The IOT stuff we are doing really needs integrals. Any idea on timeline of when we might get this?
+1 for lag (or some kind of per-series time-shift) so that we can show current and -1week data on the same panel in grafana.
something like: select mean(value), mean(lag(value, 1w)) from metric where time > now() - 1d group by time(1m)
would return two fields, being the per minute averages for the last 1d and for the same period but one week prior.
If there is already a way to do this, I would appreciate being hit with the clue-stick.
@sferrett That's an excellent suggestion. Would you mind creating a new issue for it so we can track that separately? That's a bit beyond the level of adding a simple function.
@gunnaraasen any slick Grafana tricks to accomplish the same goal with current InfluxQL?
Grafana has a per-graph setting to add a time shift (see the screenshot below). I don't think it's possible to shift a single series within the same graph.
+1 one for adding more math functions
From the top of my head the function would be:
Would it be possible to create some way to extend InfluxDB with custom functions?
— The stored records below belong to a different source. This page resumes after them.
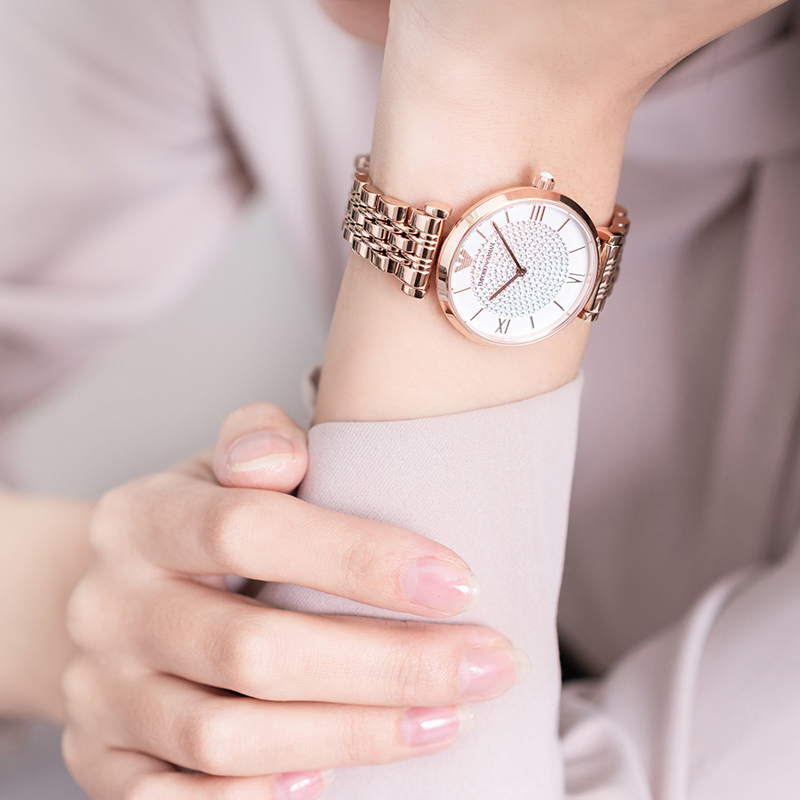 阿玛尼满天星手表女 时尚轻奢镶钻气质石英手表官方正品AR11244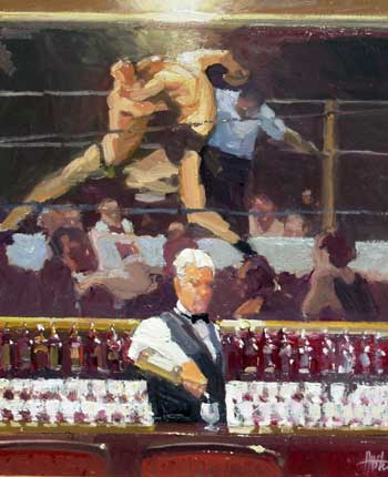 Ken Auster "Fight or Flight" 24" x 20" | Anne Irwin Fine Art offers extensive knowledge, training and experience in selecting just the right artists to suit the tastes of individuals, businesses and corporations at every level. Irwin`s personal philosophy is that art is very powerful and, when displayed, has the ability to either uplift or depress the spirit. It is her goal to uplift the surroundings of the collector with meaningful art painted by dedicated artists. Irwin is an approach- able gallerist, and her gallery is one of the most highly regard- ed destinations for collecting fine art in Atlanta.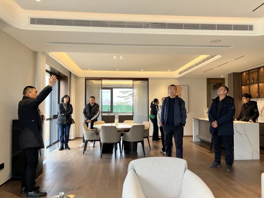 在上上地產營銷團隊全程陪同下,山東英杰房地產董事長陳巧英女士一行先后走進松生活館、景觀示范區及高定美學樣板間,實地參觀了解上上玫瑰園的高定品質、戶型設計以及精工細節等。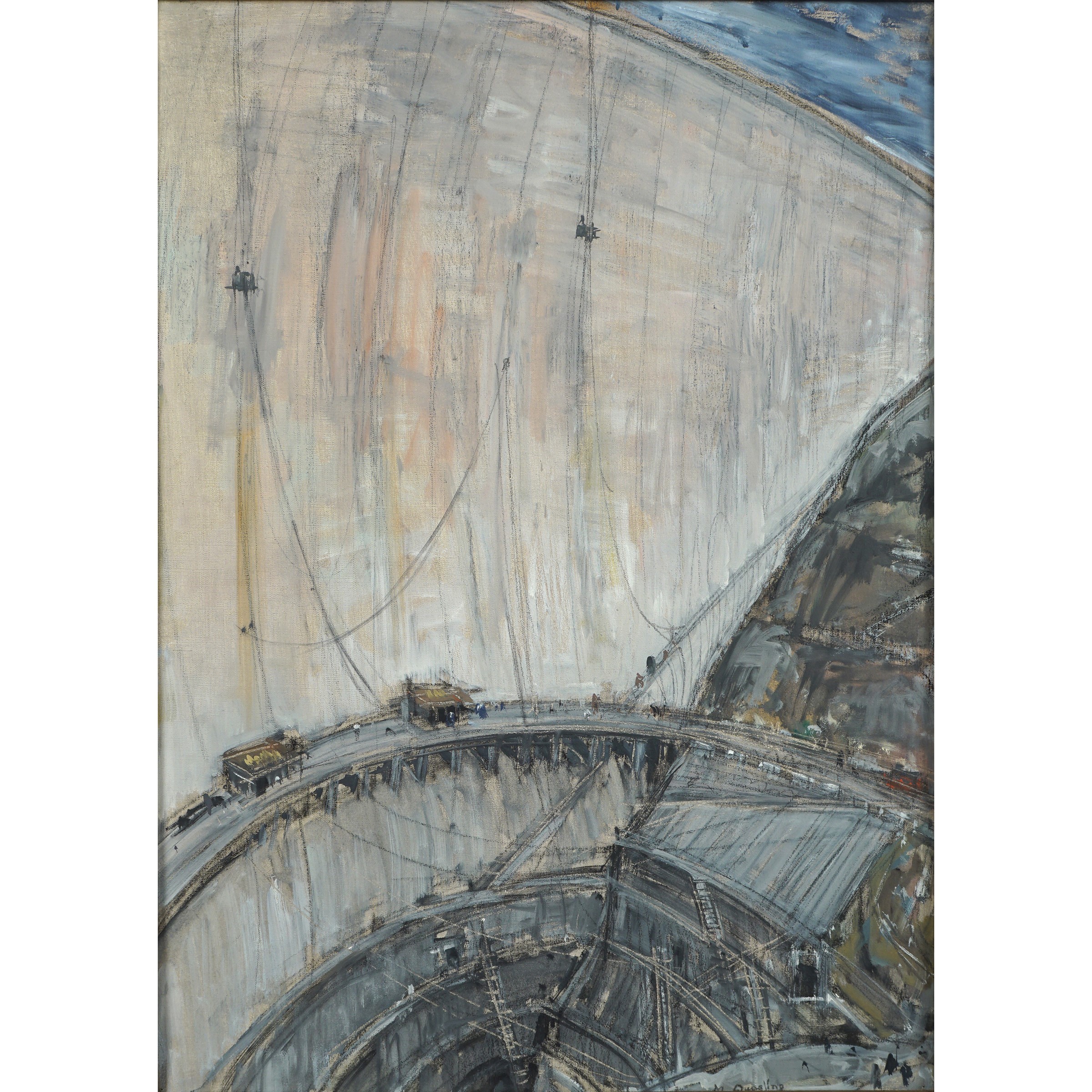 Refrancore 1899 - Torino 1982 Diga con operai al lavoro, olio su tela, firmato in basso a sinistra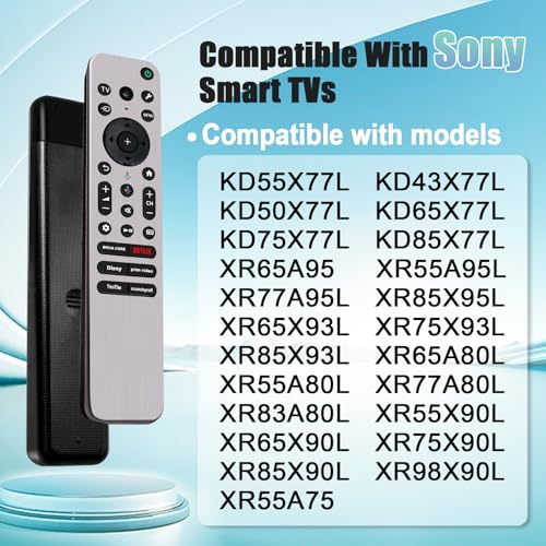 ?Applicable for Sony TV Types?Voice remote compatible with Sony Bravia Google Smart TVs, it covers models such as BRAVIA 9, BRAVIA 8, BRAVIA 7, BRAVIA 3, X90L, X90CL, X93L, X93CL, X95L, A75L, A80L, A80CL, A95L etc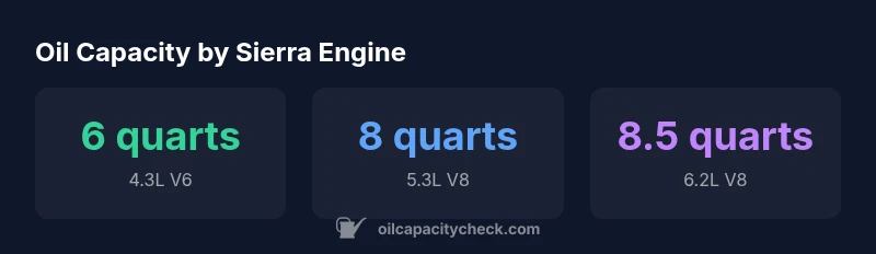 Oil capacity for the 2018 GMC Sierra 1500 varies by engine: about 6 quarts for the 4.3L V6, roughly 8 quarts for the 5.3L V8, and around 8.0–8.5 quarts for the 6.2L V8, including the filter. This includes the filter; always verify exact figures using your VIN and the owner's manual.

Maybe to load some dynamic library at load time? This could allow community to experiment with different functions?
@mitar Kapacitor supports arbitrary User Defined Functions in almost any language, and it can be used to batch-process InfluxDB data.
Hm, but to my understanding, Kapacitor would have to read the whole span of a time-series to be able to compute the custom downsampled version of data, every time I would try to read it at a lower resolution?
@mitar Kapacitor can store its results in InfluxDB, just like a CQ. Instead of running a CQ inside InfluxDB, you would just have Kapacitor do a batch query, process the UDF, and then write the results back into the downsampled measurement in InfluxDB.
But I do not want to do this for every query users come up with, at different timespans with different downsampling? I like InfluxDB because it can compute downsampled values efficiently without moving data around. Reading InfluxDB into another process and then storing it back seems inefficient to me? Or are you saying that there is not much performance difference between InfluxDB doing downsampling on the fly, and Kapacitor doing it? Using Kapacitor to downsample the same amount of data takes similar resources than using InfluxDB to do such a query?
@mitar my thoughts exactly. The goal should be (at least that's mine) to do as much as possible on the db without sending data over the network. I would like to store the data in the finest granularity available and the derive data from it. And then only send over the derived data to the client. In this (my) case drived data are not only aggregated time buckets (e.g. seconds built from ticks), but computations build on those buckets.
@mitar I cannot think of a way to allow for ad hoc queries using user defined functions. We do accept PRs for new functions, or you can perform the function calculations client-side for now.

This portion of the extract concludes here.